TASK OBJECTIVE =
Repeat the listing that follows character for character, omitting images.

PROVIDED DATA =
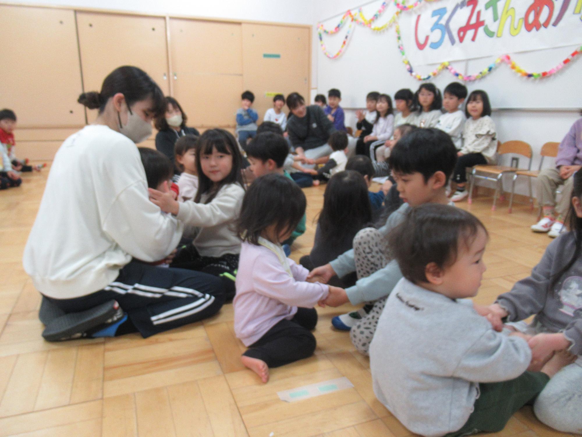 0.1.2歳児のお部屋には4歳児さんが「小鬼」に、5歳児さんが「福の神」になってお部屋に来てくれました。
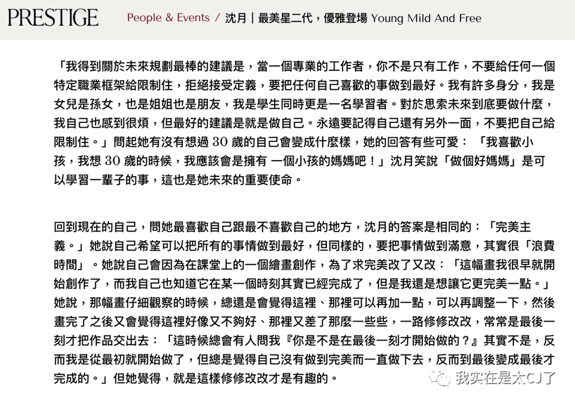 简单点说,是沈月最近登上了台版《PRESTIGE》封面,并接受了杂志专访。
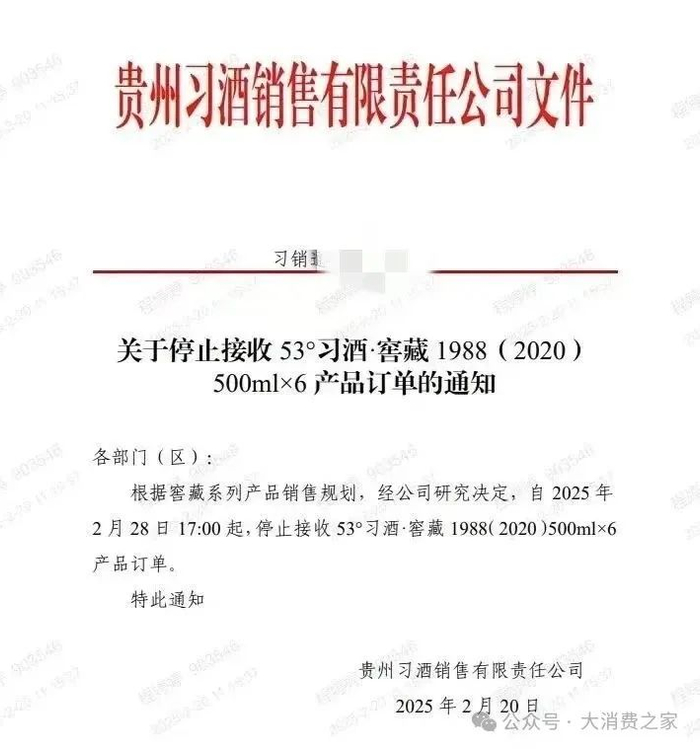 2月20日,贵州习酒销售有限责任公司发布通知,宣布自2025年2月28日17:00起,正式停止接收53°习酒·窖藏1988(2020版)500ml×6规格产品的订单。这一举措或与市场策略调整、产品升级或库存管理有关,引发了行业内的广泛关注。
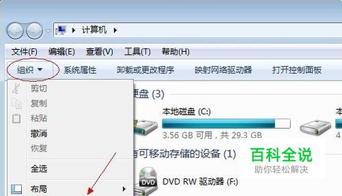 在弹出的窗口中点击“组织”,选择“文件夹和搜索选项”。
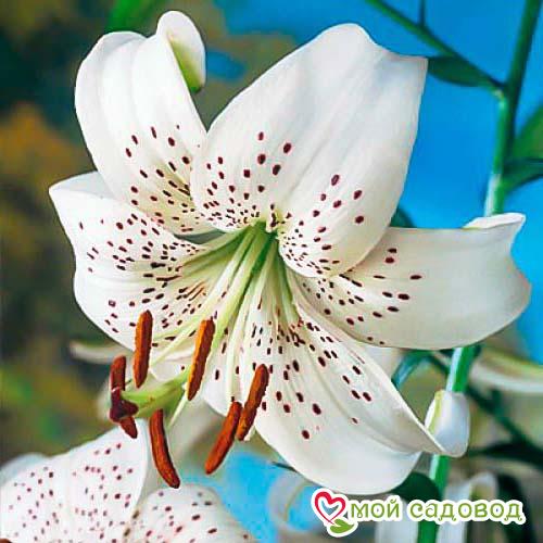 Лилия Уайт Тайгер — это эффектное многолетнее растение с крупными чалмовидными поникающими цветками. Цвет белоснежный с ярким красно-бордовым крапом. Большое количество цветков на цветоносе, их диаметр до 12 см. Максимальное развитие на 3—4 год. Высота до 120 см. Цветение июль-август.   ПОСАДКА, ОСОБЕННОСТИ УХОДА Высадка луковиц весенне-осенняя, сентябрь-ноябрь, весной — с марта по май. Требуется хорошо дренируемая почва, солнечное место. Свежие органические удобрения не используют. Глубина посадки до 20 см, под луковицу внести песок. На чернозёме подкормка не нужна, в иных случаях желательна трёхкратная минеральная подкормка: ростков; растений при бутонизации; после цветения. Морозоустойчива (до -30). На одном месте растёт до 5 лет.   ЛИЛИЯ УАЙТ ТАЙГЕР: ВОЗМОЖНОСТИ ИСПОЛЬЗОВАНИЯ ГИБРИДА Сажают: на срезку (транспортировку переносит); на выгонку; для украшения участка (хороша как доминирующий центр смешанного цветника, в букетной посадке на газоне). В нашем интернет-магазине вы сможете купить Лилии Так же возможно вас заинтересуют Лилия восточная (ориенталь) Салмон Стар и Лилия Ланкон .
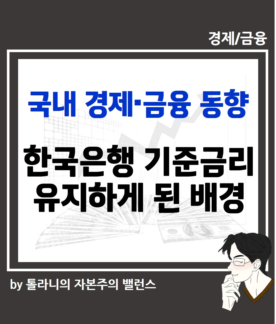현재 한국은행이 기준금리를 유지하게 된 배경 관련하여 한국은행 보도자료를 통해 좀 더 자세히 알아보도록 하겠습니다.
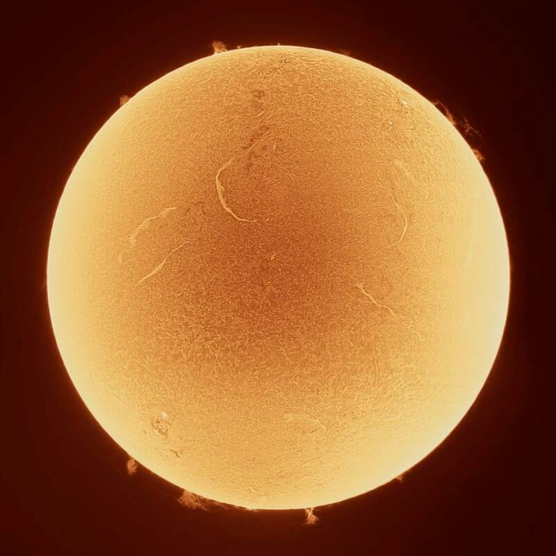 Overzicht opname V=44X als we goed kijken zie je op de foto wat zwarte strepen lopen. Dat zijn de zogenoemde ''solarflares''. Detail opname V= 100X. Beide opnames zijn gemaakt met onze Coronado zonnetelescoop!

YOUR RESPONSE =
 0.1.2歳児のお部屋には4歳児さんが「小鬼」に、5歳児さんが「福の神」になってお部屋に来てくれました。
 简单点说,是沈月最近登上了台版《PRESTIGE》封面,并接受了杂志专访。
 2月20日,贵州习酒销售有限责任公司发布通知,宣布自2025年2月28日17:00起,正式停止接收53°习酒·窖藏1988(2020版)500ml×6规格产品的订单。这一举措或与市场策略调整、产品升级或库存管理有关,引发了行业内的广泛关注。
 在弹出的窗口中点击“组织”,选择“文件夹和搜索选项”。
 Лилия Уайт Тайгер — это эффектное многолетнее растение с крупными чалмовидными поникающими цветками. Цвет белоснежный с ярким красно-бордовым крапом. Большое количество цветков на цветоносе, их диаметр до 12 см. Максимальное развитие на 3—4 год. Высота до 120 см. Цветение июль-август.   ПОСАДКА, ОСОБЕННОСТИ УХОДА Высадка луковиц весенне-осенняя, сентябрь-ноябрь, весной — с марта по май. Требуется хорошо дренируемая почва, солнечное место. Свежие органические удобрения не используют. Глубина посадки до 20 см, под луковицу внести песок. На чернозёме подкормка не нужна, в иных случаях желательна трёхкратная минеральная подкормка: ростков; растений при бутонизации; после цветения. Морозоустойчива (до -30). На одном месте растёт до 5 лет.   ЛИЛИЯ УАЙТ ТАЙГЕР: ВОЗМОЖНОСТИ ИСПОЛЬЗОВАНИЯ ГИБРИДА Сажают: на срезку (транспортировку переносит); на выгонку; для украшения участка (хороша как доминирующий центр смешанного цветника, в букетной посадке на газоне). В нашем интернет-магазине вы сможете купить Лилии Так же возможно вас заинтересуют Лилия восточная (ориенталь) Салмон Стар и Лилия Ланкон .
현재 한국은행이 기준금리를 유지하게 된 배경 관련하여 한국은행 보도자료를 통해 좀 더 자세히 알아보도록 하겠습니다.
 Overzicht opname V=44X als we goed kijken zie je op de foto wat zwarte strepen lopen. Dat zijn de zogenoemde ''solarflares''. Detail opname V= 100X. Beide opnames zijn gemaakt met onze Coronado zonnetelescoop!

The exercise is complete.